[RECORDED INFORMATION]

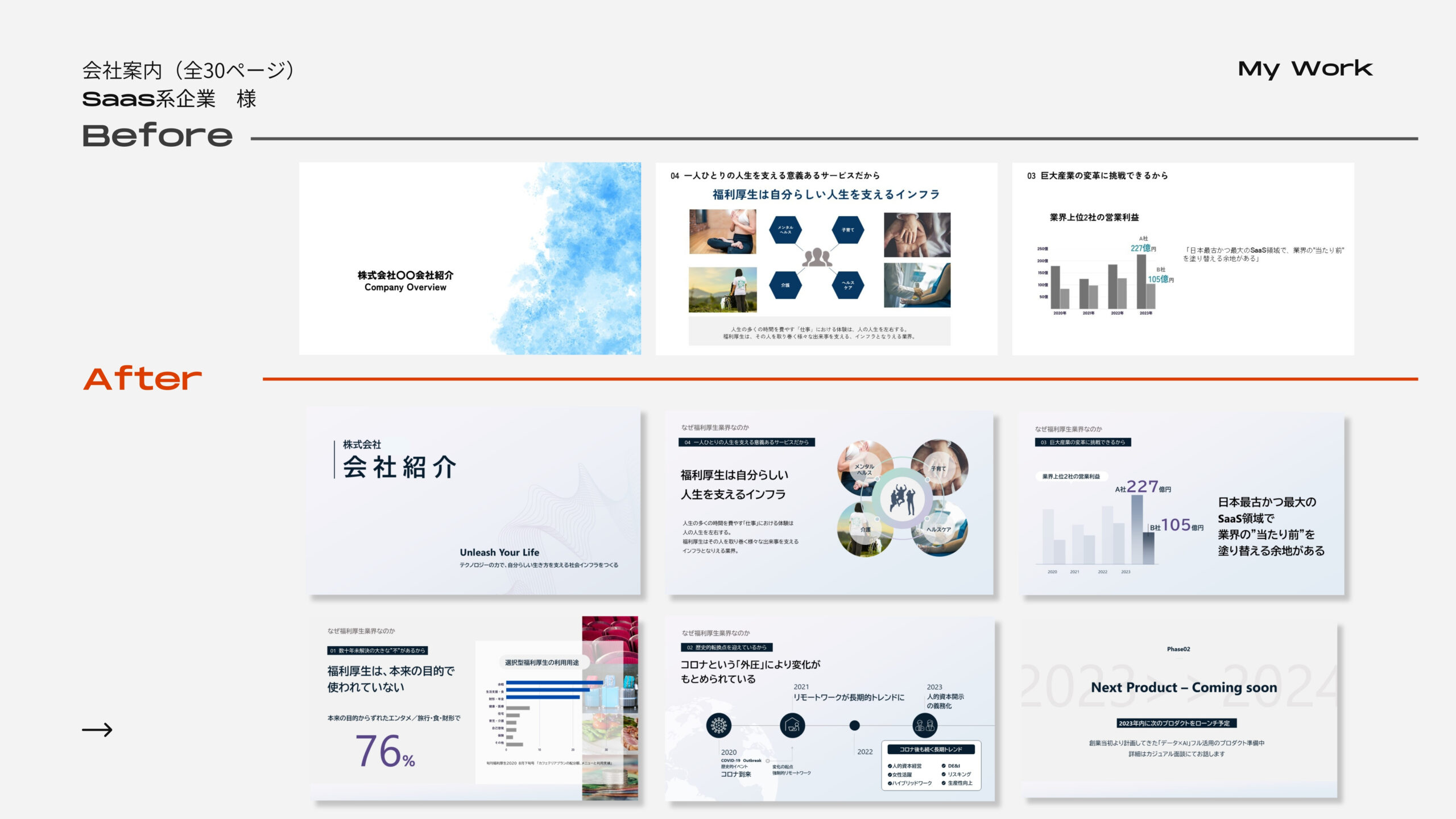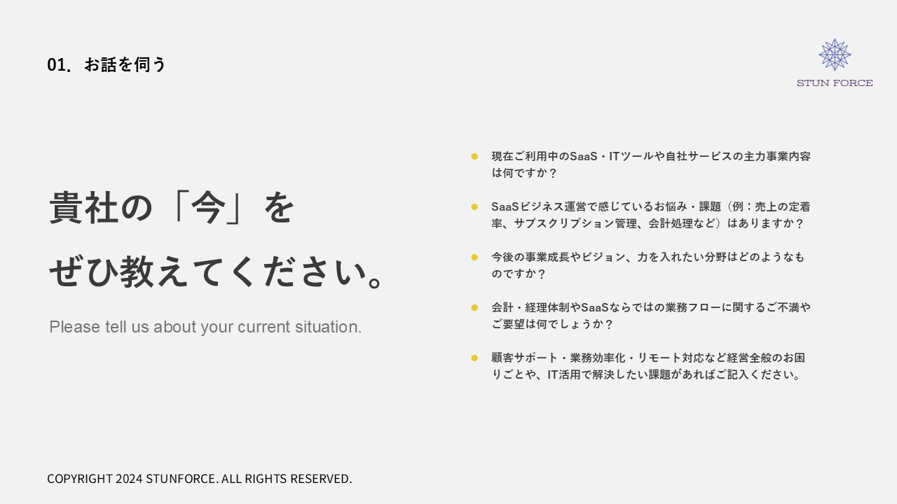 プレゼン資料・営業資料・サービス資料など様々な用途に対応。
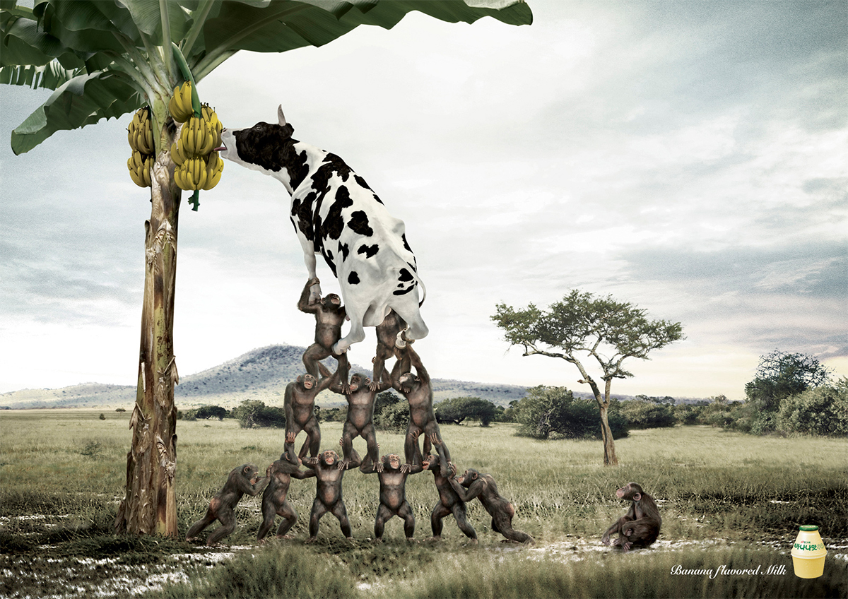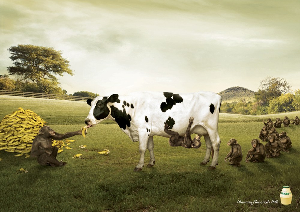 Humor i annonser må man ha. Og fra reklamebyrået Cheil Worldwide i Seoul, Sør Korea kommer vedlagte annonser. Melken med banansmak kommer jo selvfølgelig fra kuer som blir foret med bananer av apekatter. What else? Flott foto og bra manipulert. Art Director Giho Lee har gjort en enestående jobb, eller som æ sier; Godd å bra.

[/RECORDED INFORMATION]
[RECORDED INFORMATION]

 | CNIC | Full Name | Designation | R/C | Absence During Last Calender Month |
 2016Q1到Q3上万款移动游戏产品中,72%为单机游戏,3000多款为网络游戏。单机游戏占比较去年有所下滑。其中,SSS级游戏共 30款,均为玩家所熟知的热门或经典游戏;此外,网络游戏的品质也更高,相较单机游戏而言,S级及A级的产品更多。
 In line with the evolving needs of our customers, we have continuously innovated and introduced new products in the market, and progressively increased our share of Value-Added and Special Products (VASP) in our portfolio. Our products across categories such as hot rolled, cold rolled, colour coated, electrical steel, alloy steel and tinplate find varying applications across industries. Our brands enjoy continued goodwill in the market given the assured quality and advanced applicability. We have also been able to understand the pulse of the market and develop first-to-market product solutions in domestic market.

[/RECORDED INFORMATION]

[PROBLEM TO WORK ON]
Could you restate word for word the lines above from the one containing "Calender Month |" through the one containing "2016Q1到Q3上万款移动", both included, and nothing else?

[ANSWER TO THIS EXERCISE]
 | CNIC | Full Name | Designation | R/C | Absence During Last Calender Month |
 2016Q1到Q3上万款移动游戏产品中,72%为单机游戏,3000多款为网络游戏。单机游戏占比较去年有所下滑。其中,SSS级游戏共 30款,均为玩家所熟知的热门或经典游戏;此外,网络游戏的品质也更高,相较单机游戏而言,S级及A级的产品更多。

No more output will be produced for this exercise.